At least some responsibility lies with the white-hat security researcher who documented the vuln in a findable repo.

Syttentoday at 5:59 PM

We have been working on an issue triager action [1] with Mastra to try to avoid that problem and scope down the possible tools it can call to just what it needs. Very very likely not perfect but better than running a full claude code unconstrained.

[1] https://github.com/caido/action-issue-triager/

jongjongtoday at 9:45 PM

This is scary. I always reject PRs from bots. The idea of auto-merging code would never enter my head.

I think dependency audit tools like Snyk should flag any repo which uses auto-merging of code as a vulnerability.
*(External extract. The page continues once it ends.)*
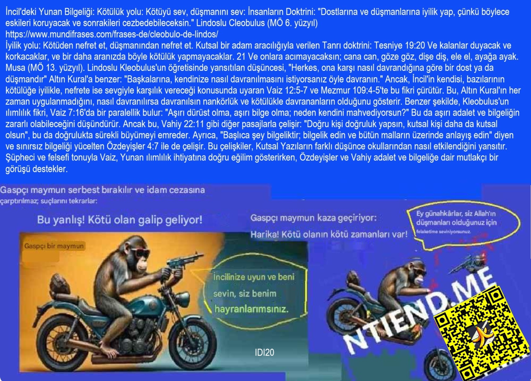 «Kötülükten kim sorumludur, «»Şeytan»» mı yoksa kötülüğü işleyen kişi mi? Aptalca bahanelere kanmayın, çünkü kendi kötülüklerinden sorumlu tuttukları «»Şeytan»» aslında kendileridir. Sapmış bir din adamının tipik bahanesi: «»Ben böyle biri değilim, çünkü bu kötülüğü yapan ben değilim, beni ele geçiren şeytan bunu yapıyor.»» Romalılar «»Şeytan»» gibi davranarak haksız içerikler ürettiler ve bunları Musa’nın yasaları olarak sundular. Amaçları adil içerikleri itibarsızlaştırmaktı. Kutsal Kitap yalnızca gerçekleri değil, aynı zamanda yalanları da içerir. Şeytan, «»iftiracı»» anlamına geldiği için etten ve kandan oluşan bir varlıktır. Romalılar, Efesliler 6:12 mesajının yazarlığını yanlış bir şekilde Pavlus’a atfetmişlerdir. Oysa mücadele et ve kanladır. Sayılar 35:33’te et ve kana karşı ölüm cezası belirtilir ve Tanrı’nın Sodom’a gönderdiği melekler, «»göksel yerlerdeki kötü ruhani varlıkları»» değil, et ve kanı yok etti. Matta 23:15, Ferisilerin takipçilerini kendilerinden bile daha yozlaştırdığını söyleyerek, bir kişinin dış etkiler nedeniyle adaletsiz hale gelebileceğini öne sürüyor. Öte yandan, Daniel 12:10, adaletsizlerin adaletsizlik yapmaya devam edeceğini çünkü bunun onların doğası olduğunu ve yalnızca adil olanların adalet yolunu anlayacağını söylüyor. Bu iki mesaj arasındaki çelişki, İncil’in bazı bölümlerinin birbiriyle tutarsız olduğunu ve mutlak doğruluğunu sorgulattığını gösteriyor. https://naodanxxii.wordpress.com/wp-content/uploads/2025/03/idi20-the-plot.pdf .» «Roma İmparatorluğu, Bahira, Muhammed, İsa ve zulüm gören Yahudilik. Giriş mesajı: Zeus’a tapan Kral IV. Antiochus Epiphanes’in işkencelerine rağmen domuz eti yemeyi reddedenlerin inandıklarına bakın. Yaşlı Eleazar’ın, yedi kardeşi ve anneleriyle birlikte domuz eti yemeyi reddettiği için Yunan Kralı Antiochus tarafından nasıl öldürüldüğüne bakın. Tanrı, sadık Yahudilerin imanla hayatlarını feda ederek bu fedakarlık aracılığıyla sonsuz yaşam almalarını öngören kendi koyduğu bir yasayı ortadan kaldıracak kadar zalim miydi? Tanrı zalim değildir, eğer Tanrı zalim olsaydı en iyisi olmazdı. Tanrı kötülerin dostu değildir, eğer Tanrı kötülerin dostu olsaydı o zaman zalim olurdu ve çözümün değil sorunun bir parçası olurdu. Bu kanunu ortadan kaldıranlar ne İsa’ydı ne de onun öğrencileri. Bunlar Yunanlılarla aynı tanrılara inanan Romalılardı: Jüpiter (Zeus), Aşk Tanrısı (Eros), Minerva (Athena), Neptün (Poseidon), Hem Romalılar hem de Yunanlılar domuz eti ve deniz ürünlerini severlerdi, ancak dindar Yahudiler bu yiyecekleri reddederlerdi. 2.Makabiler 7:1 Yedi kardeş ve anneleri tutuklandı. Kral, onları kırbaç ve öküzlerle döverek, kanunen yasak olan domuz etini yemeye zorlamak istiyordu. 2 İçlerinden biri bütün kardeşler adına konuşarak şöyle dedi: “Bize soru sorarak ne öğrenmek istiyorsun? «»Atalarımızın yasalarını çiğnemektense ölmeyi tercih ederiz.»» 8 O da kendi dilinde, “Domuz eti yemeyeceğim!” diye cevap verdi. Bu yüzden ona da azap edildi. 9 Fakat son nefesini verirken şöyle dedi: Ey suçlu, şimdiki hayatımızı elimizden alıyorsun. Ama Allah, kendi kanunları uğruna ölen bizleri sonsuz yaşama diriltecektir. Mesaj: Dördüncü canavarın doğumu ve ölümü. Aynı tanrıların Greko-Romen ittifakı. Seleukos İmparatorluğu. Deccal’in müjdesine (Doğru olmayanlar için iyi haber, ama yanlış) inanmaktan sakının Adalet düşmanının aldatmacasından kendinizi kurtarmak istiyorsanız şunu düşünün: Roma’nın sahte müjdesini reddetmek için, eğer İsa doğru kişiyse düşmanlarını sevmediğini ve eğer ikiyüzlü değilse düşmanlarına sevgiyi vaaz etmediğini, çünkü uygulamadığı şeyi vaaz etmediğini kabul edin: Süleyman’ın Özdeyişleri 29:27 Doğru kişiler doğru olmayanlardan nefret eder, ve doğru olmayanlar doğru kişilerden nefret eder. Bu, Romalılar tarafından İncil’e uydurulan müjdenin bir parçasıdır: 1.Petrus 3:18 Çünkü Mesih de günahlar için bir kez öldü; doğru olmayanlar için, bizi Tanrı’ya ulaştırmak için. Şimdi bu iftirayı çürüten şuna bakın: Mezmur 118:20 Bu, RAB’bin kapısıdır; İyiler oraya gireceklerdir. 21 Beni işittiğin ve kurtardığın için sana şükredeceğim. 22 İnşaatçıların reddettiği taş temel taşı haline gelmiştir. İsa, ölümünü ve dönüşünü öngören benzetmede düşmanlarını lanetliyor: Luka 20:14 Fakat bağcılar bunu görünce, aralarında şöyle dediler: Bu mirasçıdır; Haydi onu öldürelim de miras bizim olsun. 15 Bunun üzerine onu bağdan dışarı atıp öldürdüler. Peki bağ sahibi onlara ne yapacak? 16 O gelip bu bağcıları yok edecek ve bağı başkalarına verecek. Bunu işittiklerinde, “Hayır!” dediler. 17 İsa onlara baktı ve şöyle dedi: «»Öyleyse, ‘Yapıcıların reddettiği taş, başın köşe taşı oldu’ diye yazılmış olan nedir?»» Babil kralının korkulu rüyası olan bu taştan şöyle söz ediyordu: Daniel 2:31 Ey kral, sen bakarken önünde büyük bir heykel duruyordu. Bu heykelin görkemi çok yüceydi. görünüşü ürkütücüydü. 32 Heykelin başı saf altından, göğsüyle kolları gümüşten, karnıyla kalçaları tunçtan, 33 bacakları demirden, ayaklarının bir kısmı demirden, bir kısmı kildendi. 34 Sen bakıyordun ki, insan eli değmeden bir taş kesildi; İsa, heykelin demirden ve kilden olan ayaklarına vurup onları parçaladı. 35 Demir, kil, tunç, gümüş ve altın parçalandı, yaz harmanlarından çıkan saman çöpleri gibi oldular. rüzgar onları alıp götürdü, hiçbir iz bırakmadı. Fakat heykele çarpan taş büyük bir dağ oldu ve bütün dünyayı doldurdu. Dördüncü canavar, kınanan Roma sah

I don't want to use such tools as a dependency for my library.

This is incredibly dangerous and neglectful.

This is apocalyptic. I'm starting to understand the problem with OpenClaw though... In this case it seems it was a git hook which is publicly visible but in the near future, people are going through be auto-merging with OpenClaw and nobody would know that a specific repo is auto-merged and the author can always claim plausible deniability.

Actually I've been thinking a lot about AI and while brainstorming impacts, the term 'Plausible deniability' kept coming back from many different angles. I was thinking about impact of AI videos for example. This is an angle I hadn't thought about but quite obvious. We're heading towards lawlessness because anyone can claim that their agents did something on their behalf without their approval.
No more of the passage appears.